### PROMPT
Transcribe the lines below exactly, beginning with the line that holds "刘诗诗版《流金岁月》是新丽连续五年利润率最高的大爆款" and ending with the final line, both included. Pictures are to be left out.

### DATA SUPPLIED

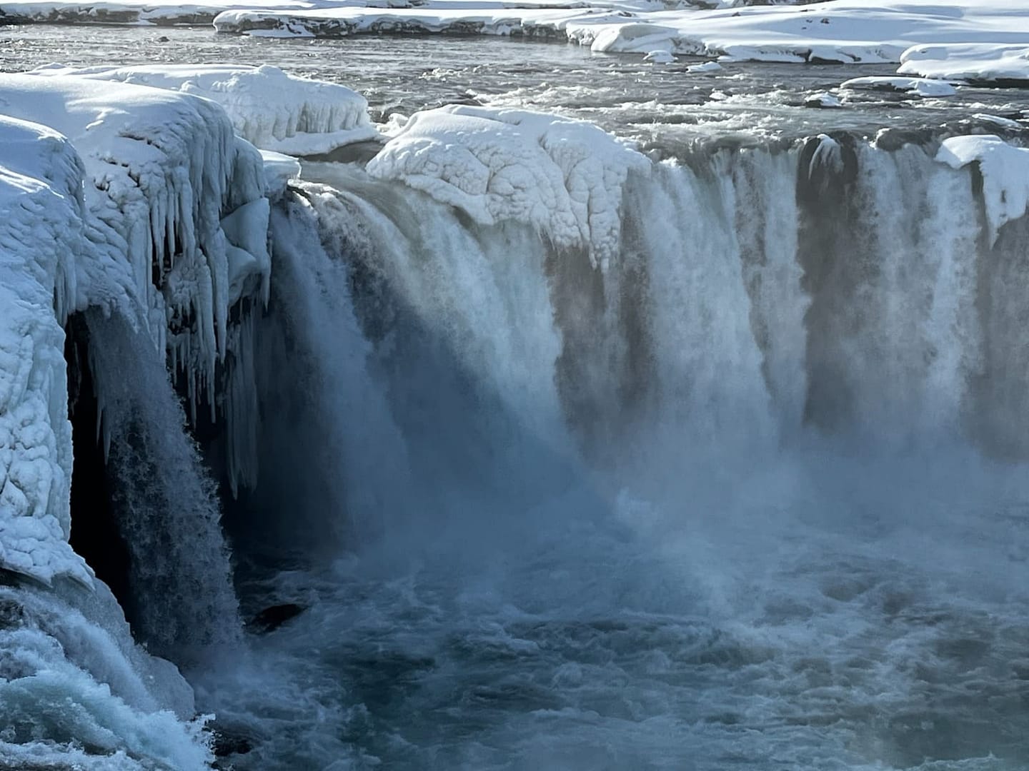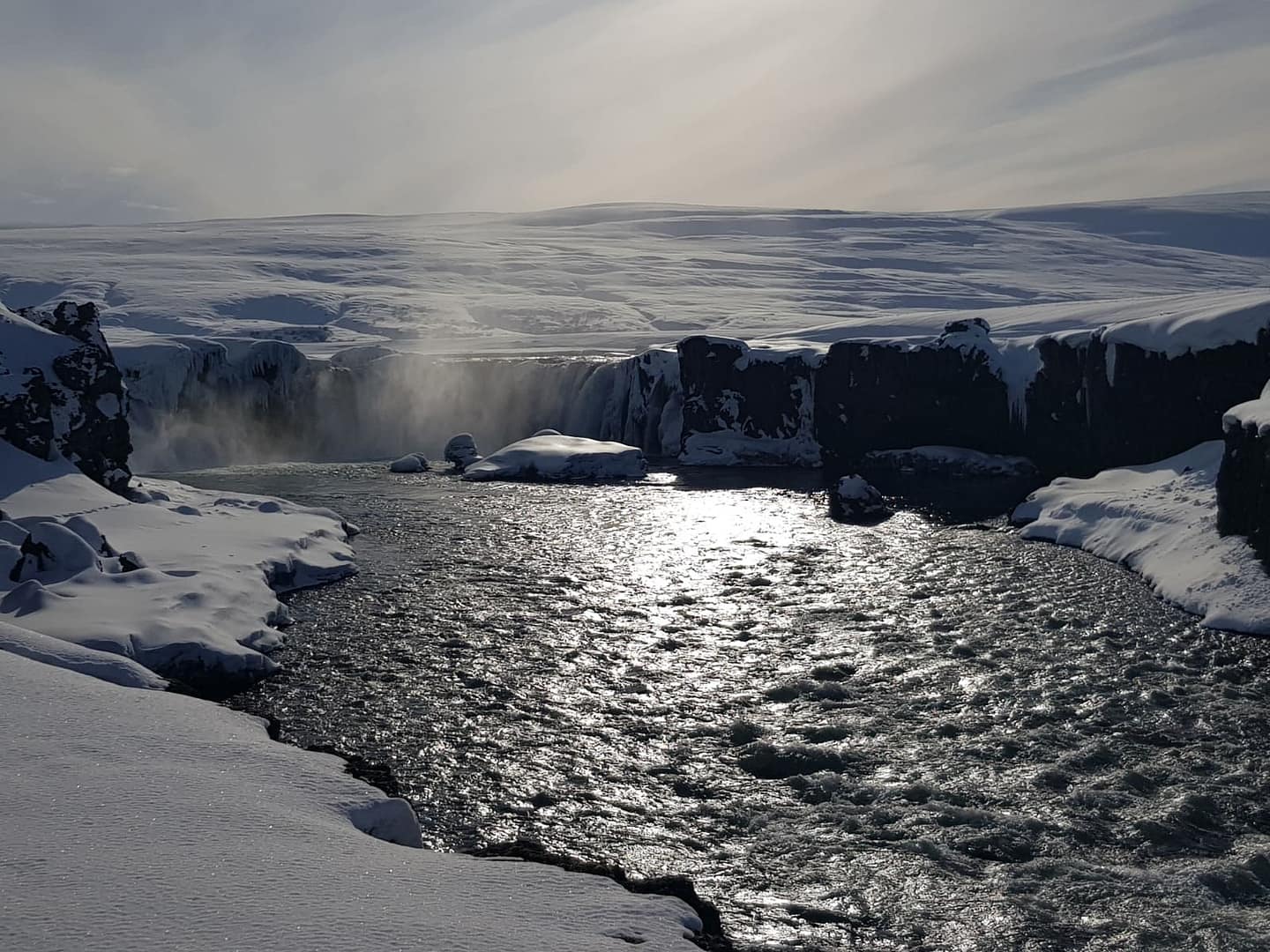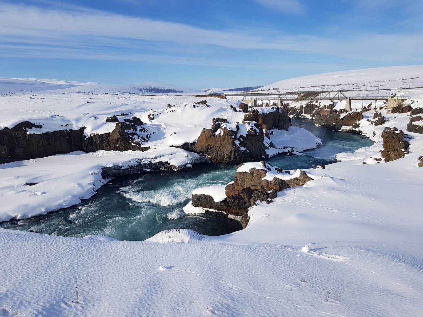Vom Parkplatz gehen wir über markierte Wege, relativ flach und einfach zu gehen, zum Wasserfall. Es gibt immer wieder Aussichtspunkte von denen man einen beeindruckenden Blick auf den Goðafoss hat. Der Wasserfall stürzt über einer Breite von 158 m, die von Felsen unterbrochen wird, etwa 11 m, in einem weiten Bogen in die Tiefe. Seine halbkreisförmige Kante verleiht ihm eine majestätische Erscheinung, besonders wenn das Wasser in die Tiefe stürzt und dabei Regenbögen im feinen Sprühnebel entstehen. Der Fluss Skjálfandafljót, der den Wasserfall speist, ist einer der größten Flüsse Islands.
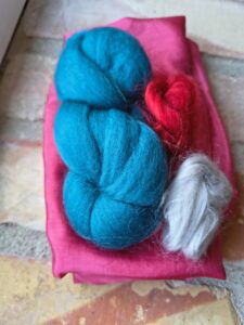 Innehåll: 3m x 45cm sidentyg, Merinoull 19 mic,  dekorationsfiber (av silke, sarisilke, viskos, lin eller hampa) + instruktion i text + bild.
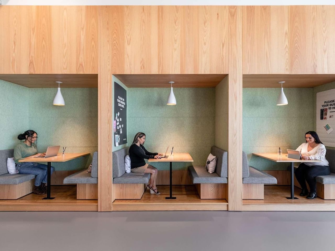 Jede dieser einzigartigen Arbeitsumgebungen ist mit superschnellem Wi-Fi ausgestattet, 24 Stunden am Tag zugänglich und durch natürliches Licht hell erleuchtet.
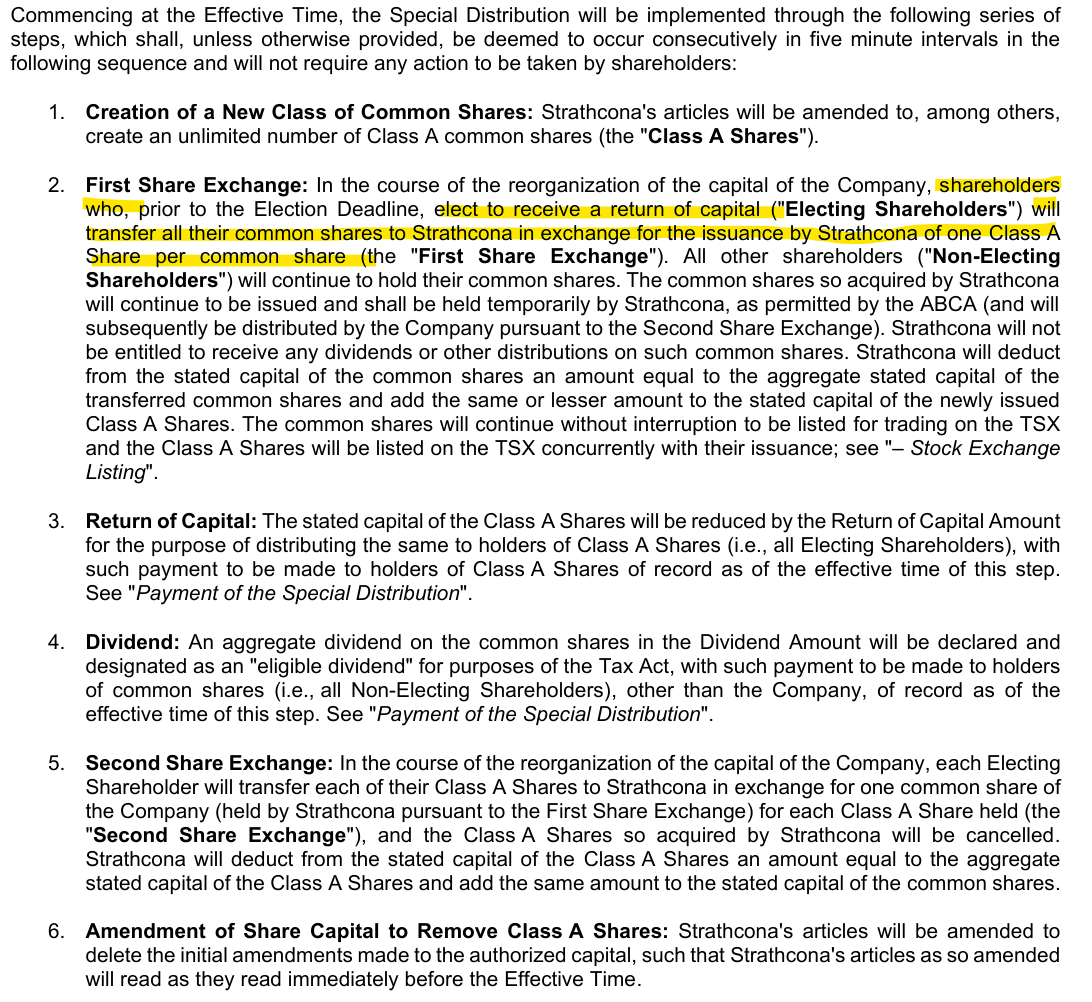 Er wordt een speciaal dividend uitgekeerd van C$10 per aandeel. Daarbij heb je de keuze om het te ontvangen als dividend of als kapitaalsvermindering. Normaliter is een uitkering als kapitaalsvermindering vrij van belastingen in België. Echter in deze situatie is het niet vrij van belasting door de procedure die Strathcona Resources toepast.
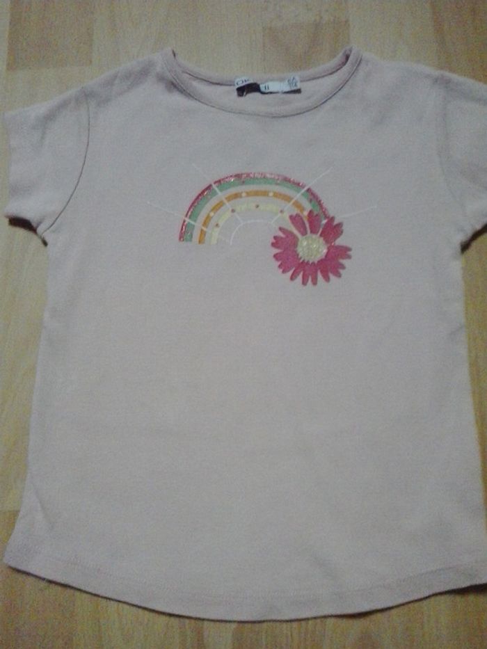 Tee-shirt rose avec motif fleur arc en ciel quelques paillettes.Manches courtes
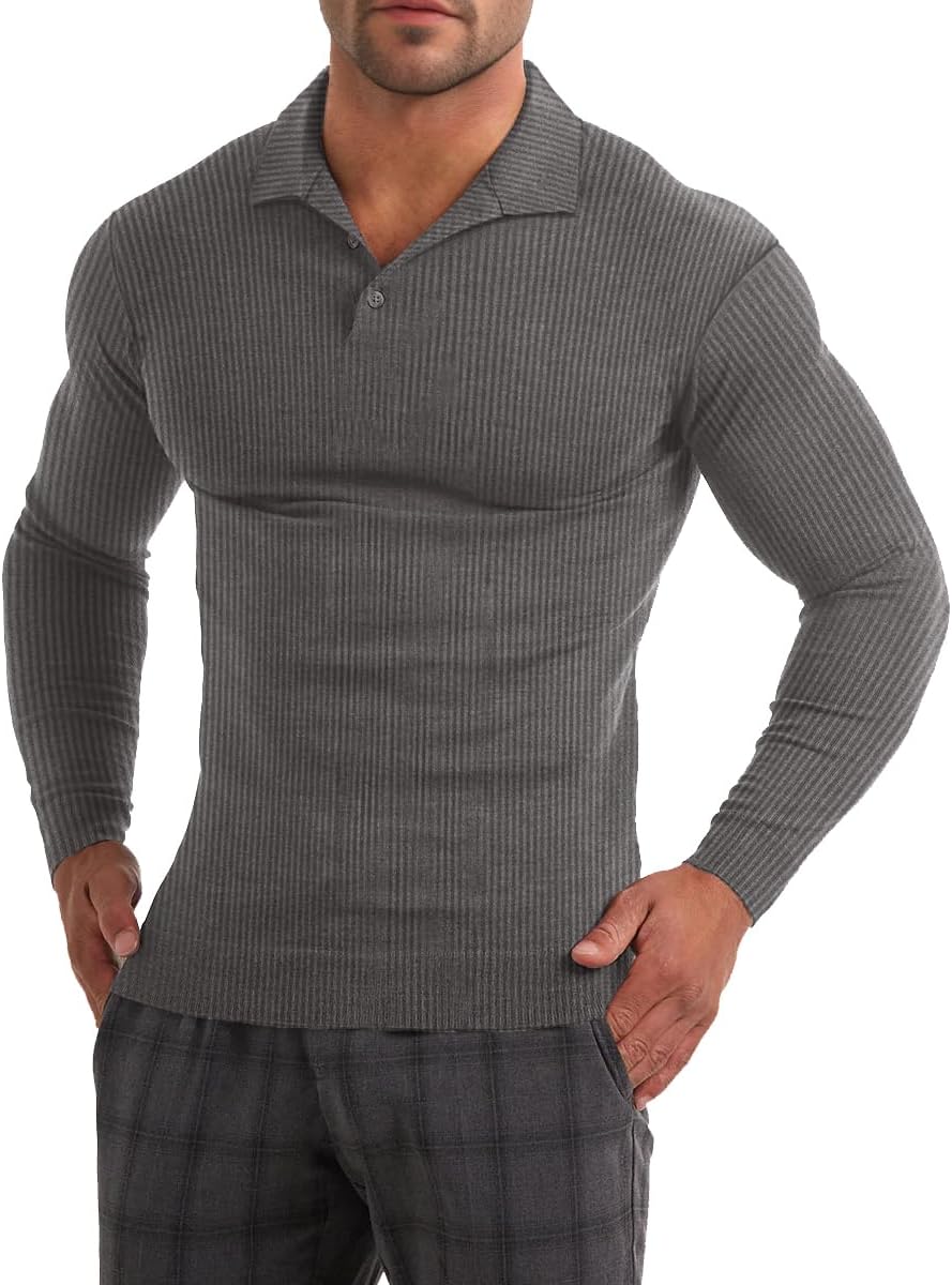 Muscle Cmdr Men's Slim Fit Muscle Polo Shirts Long&Short Sleeve Stretch Quick Dry Tee Casual Golf Athletic T-Shirts
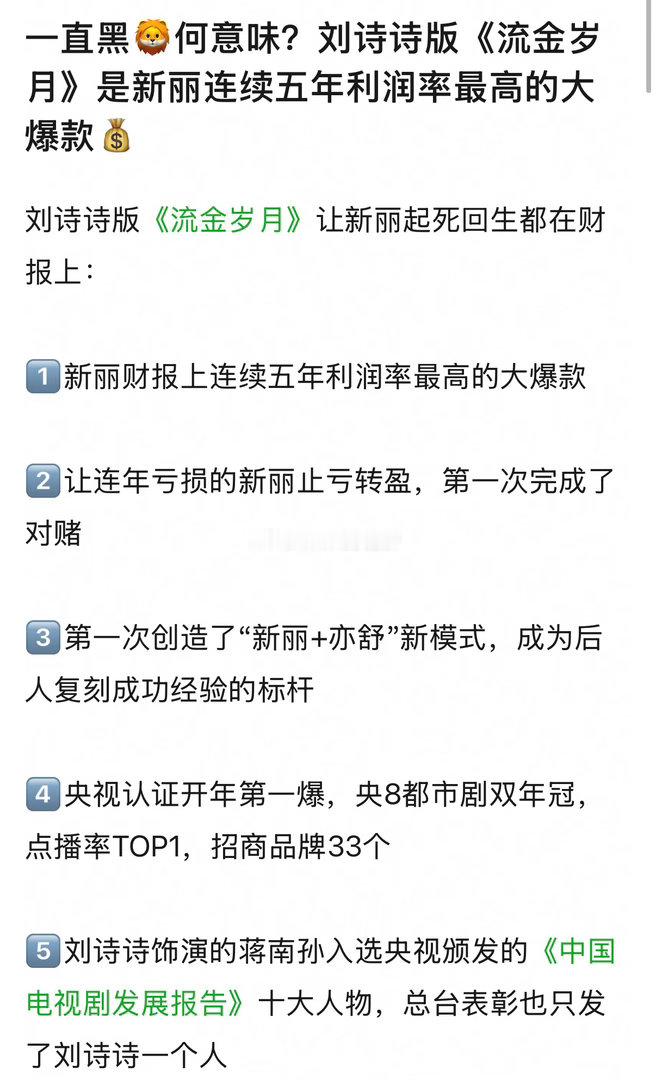 刘诗诗版《流金岁月》是新丽连续五年利润率最高的大爆款
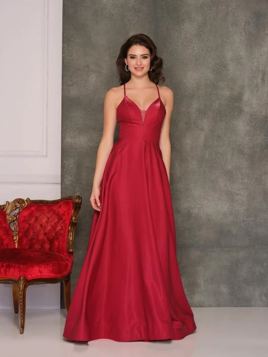 Style 10182 from Dave and Johnny is a classic deep V neck A-line prom gown with fitted waist and spaghetti straps.
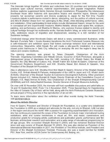 9/16/25, 10:30 AM Aichi Triennale opens its sixth edition curated by Hoor Al Qasimi - SGMB
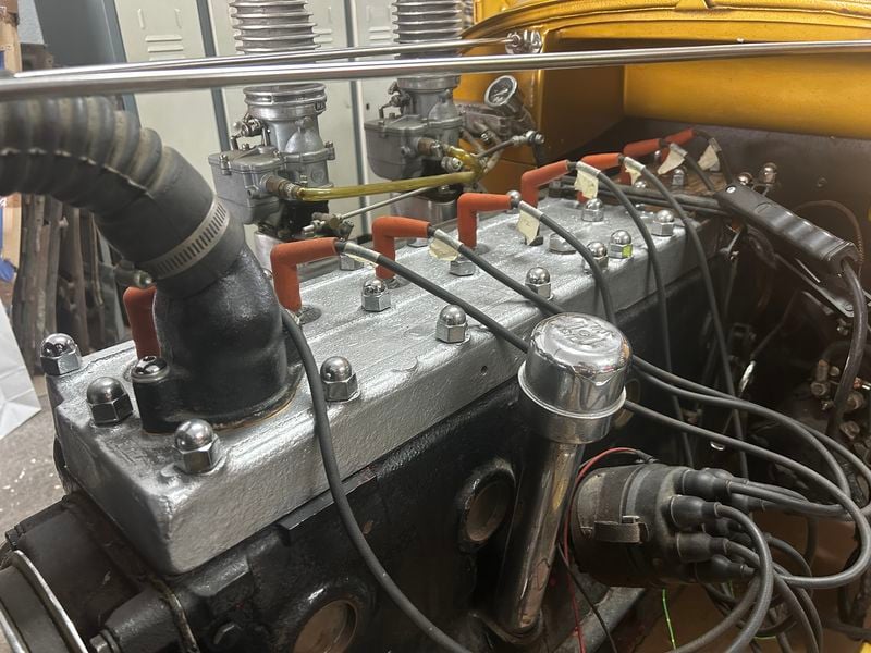 Questo Ford Tudor si distingue per la finitura in vernice metallica e per le modifiche al carrozzeria realizzate con precisione. Il veicolo mantiene molte componenti originali, inclusi coperture del cofano motore e archi delle ruote, preservando il carattere degli anni ’20 pur incorporando aggiornamenti prestazionali come il raro motore Pontiac flathead a otto cilindri in linea. A circa il 90% completo, questo hot rod offre una base solida e operativa e l’opportunità per un nuovo proprietario di aggiungere i propri tocchi personali di finitura.
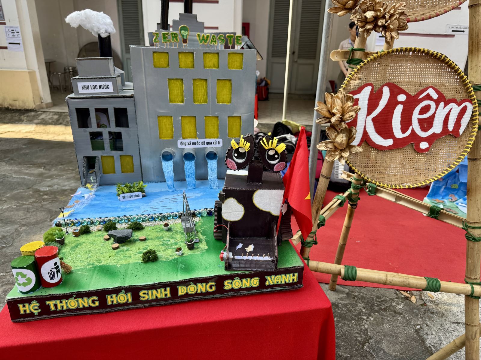 Mô hình trưng bày các giải pháp môi trường xanh của học sinh thành phố.
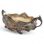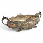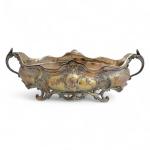 JARDINIERE ovale en argent, à décor de feuillage, fleurs, frises, enroulements, chiffrée, deux anses latérales, complète de sa doublure en métal H.: 17 cm L.: 53 cm P.: 28 cm Poids net: 1 kg 345

### SOLUTION
 刘诗诗版《流金岁月》是新丽连续五年利润率最高的大爆款
 Style 10182 from Dave and Johnny is a classic deep V neck A-line prom gown with fitted waist and spaghetti straps.
 9/16/25, 10:30 AM Aichi Triennale opens its sixth edition curated by Hoor Al Qasimi - SGMB
 Questo Ford Tudor si distingue per la finitura in vernice metallica e per le modifiche al carrozzeria realizzate con precisione. Il veicolo mantiene molte componenti originali, inclusi coperture del cofano motore e archi delle ruote, preservando il carattere degli anni ’20 pur incorporando aggiornamenti prestazionali come il raro motore Pontiac flathead a otto cilindri in linea. A circa il 90% completo, questo hot rod offre una base solida e operativa e l’opportunità per un nuovo proprietario di aggiungere i propri tocchi personali di finitura.
 Mô hình trưng bày các giải pháp môi trường xanh của học sinh thành phố.
 JARDINIERE ovale en argent, à décor de feuillage, fleurs, frises, enroulements, chiffrée, deux anses latérales, complète de sa doublure en métal H.: 17 cm L.: 53 cm P.: 28 cm Poids net: 1 kg 345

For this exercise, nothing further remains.